At the root of all financial bubbles, scams and scandals is the self-proclaimed “professionalism” of the financial sector – what Nobel Prize-winning economist Freidrick von Hayek referred to as “the pretence of knowledge”.
Professionalism and distraction
Von Hayek admitted to the futility of trying to make economics “scientific” in the accepted sense of the word. Like any profession, the financial sector seeks to clothe its “pretence of knowledge” in the language it uses to distract its customers from recognising that it is simply an arm of the gambling industry. Substitute betting jargon for finance-speak and the reality becomes clearer. The majority of actions in the finance sector are bets.
The finance sector has a vested interest in dissociating itself from the gambling industry itself. In his book, The Poker Face of Wall Street, finance expert Aaron Brown said:
Gambling lies at the heart of economic ideas and institutions, no matter how uncomfortable many people in the financial industry are with the idea.
Indeed, in the immediate aftermath of Tulipmania (the manic buying of tulips and the ridiculous prices they achieved in the mid 17th-century Netherlands) the courts refused to rule in favour of sellers trying to enforce contracts for sale on the grounds that it was a “gambling operation”.
Bluffing and confidence
Not only are the games of finance and gambling incredibly alike but the skill sets are virtually identical, too. Skills that define successful traders, such as a cold-blooded approach toward risk, speedy decision-making under pressure, discipline and a well-trained memory, are the same ones that separate elite poker players from the rest. Brandon Adams, a professional card player who has also taught a class in behavioural finance at Harvard, argued that some of the best traders are professional online card players.

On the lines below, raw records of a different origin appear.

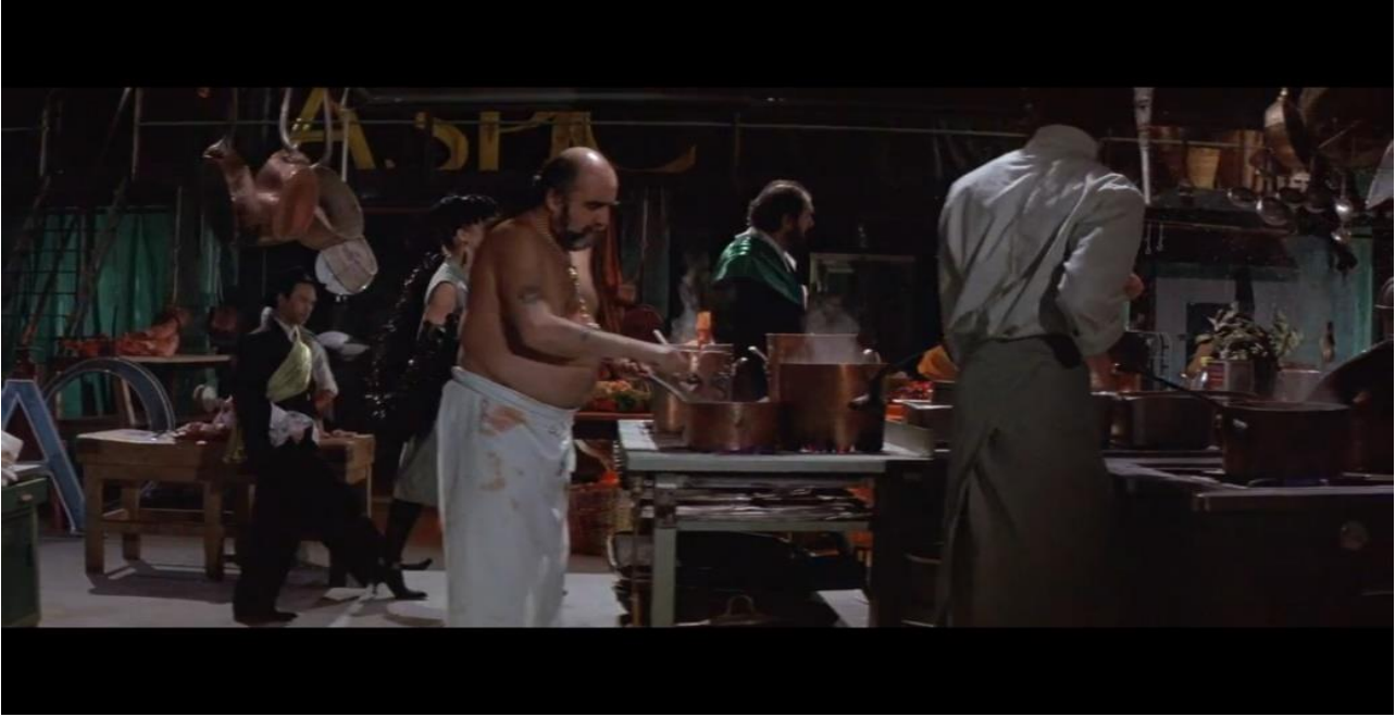
Resim 7: "Mutfakta Yemek Hazırlığı"

Mutfak aynı zamanda Georgina ve Michael'in Aşklarını yaşamak için buluştukları ikinci yerdir. Burada Richard'ın onları gizlemesiyle birlikte olurlar.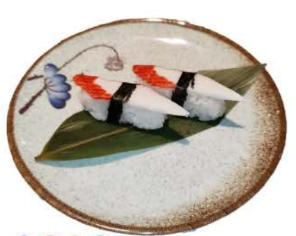
N6 / Surimi granchio,riso,alghe crab, rice, seaweed € 2,50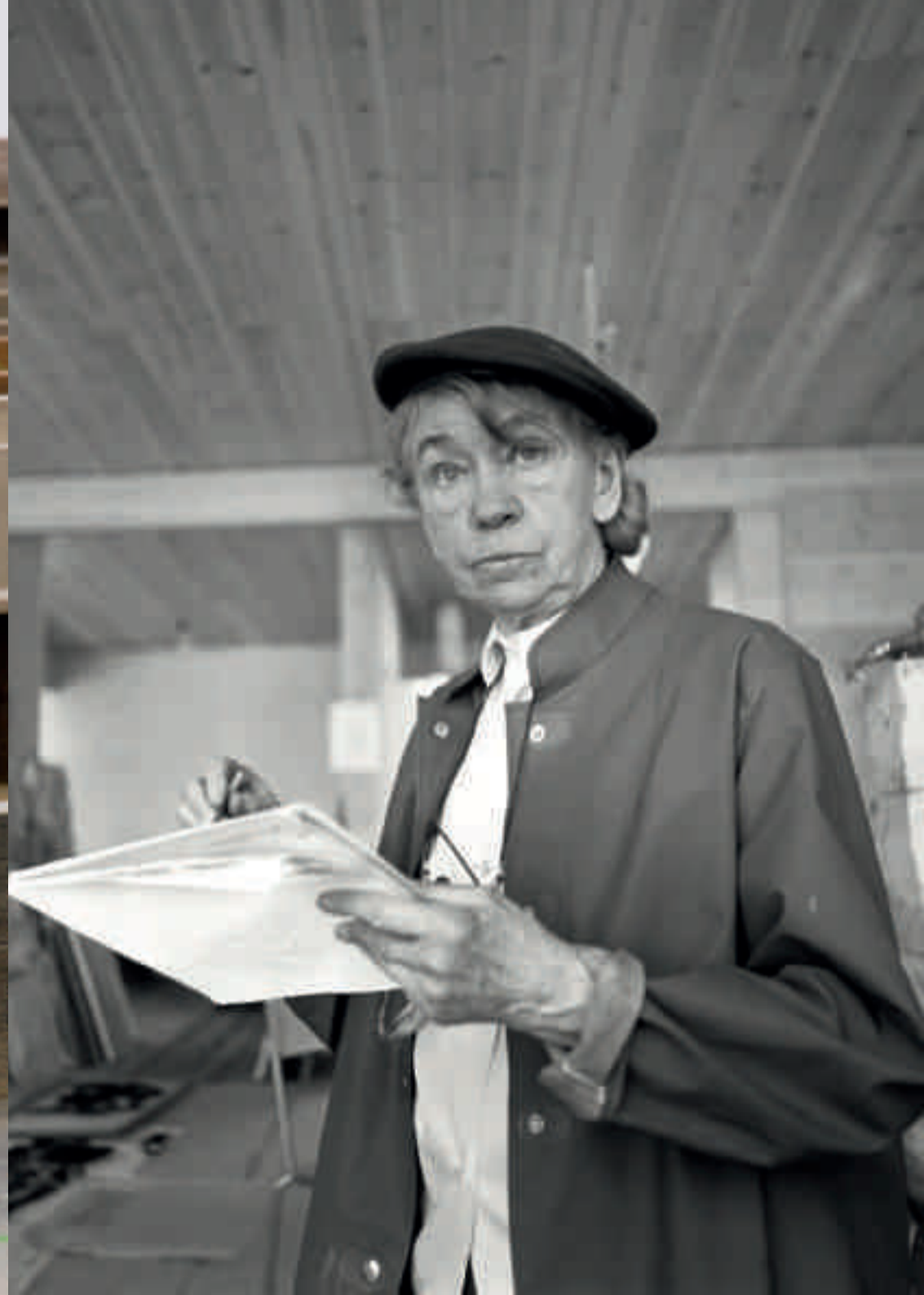
Siri Derkert i sin ateljé på Lidingö, 1968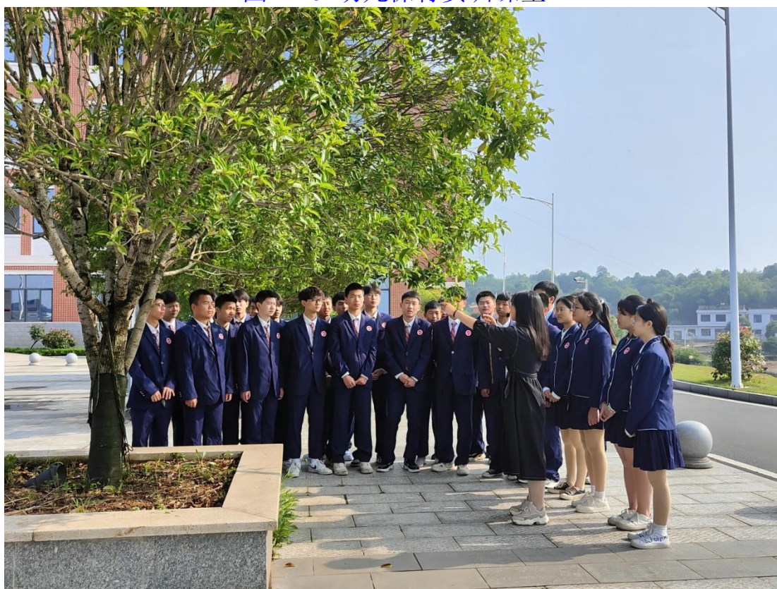
图 1-17 园林技术实践课堂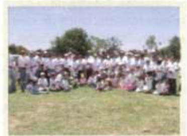
Cañada Bolaños, Querétaro.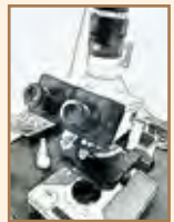
バクテリアを顕微鏡観察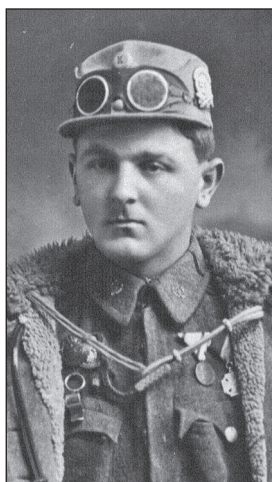
14. ábra. Kerékpáros honvéd ügyességi jelvénnel és általános rohamcsapatjelvénnel 1918-ban

1918. július 1-én beosztottak a zászlóalj mellé egy géppuskás századot, ugyanakkor minden kerékpáros század IV. szakaszát géppuskássá szervezték 4 szabványos géppuskával 39 (a kerékpáros zászlóalj kerékpáros századainak egy szakasza még az 1920-as években is géppuskás szakasként szerepelt 40 ). A kerékpáros pótszázad állománya – amelynek elérésére a szabályok szerint minden hónap 1-re törekedni kellett – így a következőképpen módosult: 7 tiszt, 20 altiszt, 180 honvéd, a géppuskás pótszázadé 6 tiszt, 12 altiszt, 60 honvéd. 41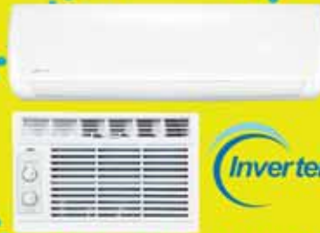
AIRES DE VENTANA Y MINI SPLITS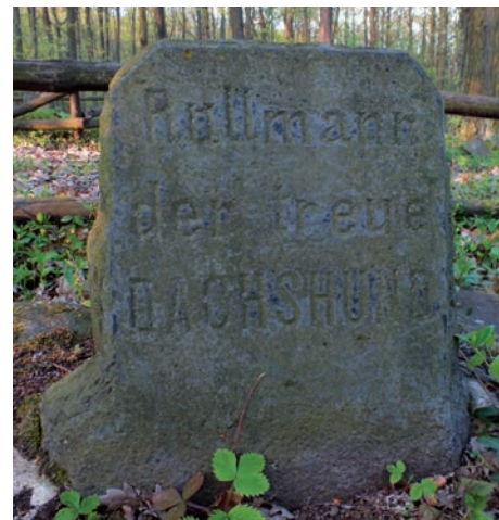
Památný kámen věrného jezevčika.

V lese severovýchodně od hradu se nacházejí památné kameny vytvořené na památku zavražděného lesníka a jeho věrného psa, který zde zahynul steskem po svém zabitím pánovi. Památka se nachází při odbočce z modře značené cesty na Plešivec. Od budovy vodárny se dáme cestou vpravo. Po 150 metrech přijdeme na křižovatku cest a opět se dáme vpravo. Pak již jen na levé straně sledujeme pěšinu vedoucí krátce do lesa k památce. Je zde informační tabule.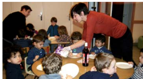
Les enfants de la garderie maternelle Émile Zola

D'autres animations adaptées à chacun et à chaque âge, au gré des fêtes calendaires et des saisons, sont au programme pour les mois à venir.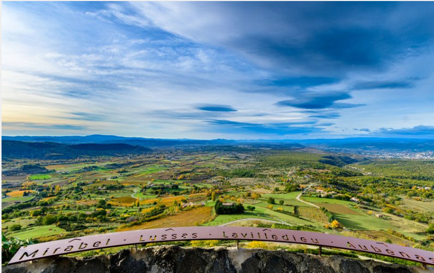
Table d'orientation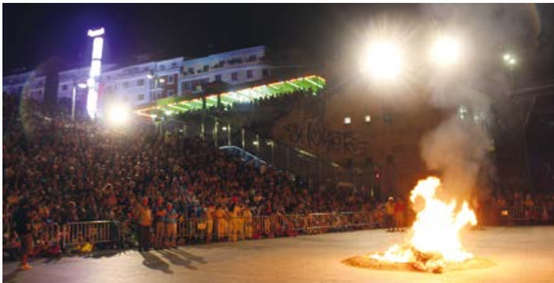
San Juan bezperan ehundaka lagun bilduko dira Untzagan San Juan suaren inguruan. MALEN JAINAGA

hona pasiatzen. Dantza horretan eztanda egingo dugu eta konfinamendua etorriko da ondoren. Maskarak agertuko dira, gure bizitzan beste elementu bat bezala agertu ziren konplementuak, eta pandemiaren ondorioz hil direnak gogoratuko ditugu. Horren ondoren, Fenix hegaztia azalduko da eta, egundoko musikaz lagunduta, gimnasia erritmikoko neska bat zinta gorri batekin irtengo da. Orduan, Neomak taldekoen laguntzarekin sorginak ekarriko ditugu eta, azkenik, goian amaituko dugu Su Ta Gar-en musikaren laguntzarekin”, aurreratu digu.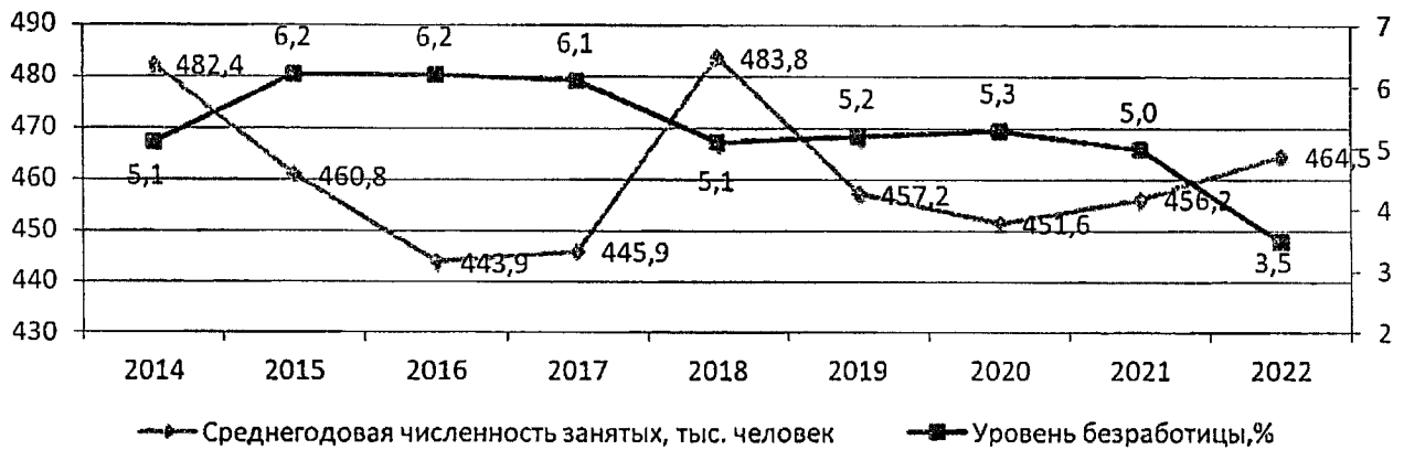
Рис. 1. Среднегодовая численность занятых и уровень безработицы в Смоленской области в 2014 - 2022 годах, % (правая ось), тыс. человек (левая ось)

Наибольшее снижение численности занятых происходило в 2015 - 2016 годах (на 38,5 тыс. человек), а также в 2019 - 2020 годах (на 32,2 тыс. человек). В 2018 году произошел прирост числа занятых на 37,9 тыс. человек.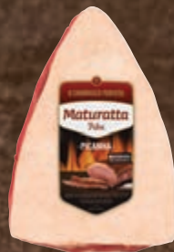
Picanha bovina resfriada Maturatta kg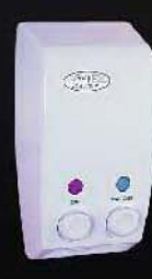
HP-102 ขนาด 600 มล. X2

Two of the key elements of gambling – bullying and bluffing – are the subjects of recent research by Nobel Laureate, Robert Shiller. In his book, Phishing for Phools, he delivers a fundamental challenge to the efficient market (EMT) theorists who claim that you “can’t beat the market” by arguing that as long as there is profit to be made, sellers will systematically exploit our psychological weaknesses and our ignorance through manipulation and deception.
Central to any manipulation and deception is the role played by confidence and its dangerous partner, overconfidence. In another book, Animal Spirits, Shiller proposed five key psychological factors – the most important of which is confidence (or lack of it) in the economy and one’s personal place in it. The problem is that while confidence is essential to raise the billions needed to fuel modern industry, it is also an essential tool with which to fool naïve investors.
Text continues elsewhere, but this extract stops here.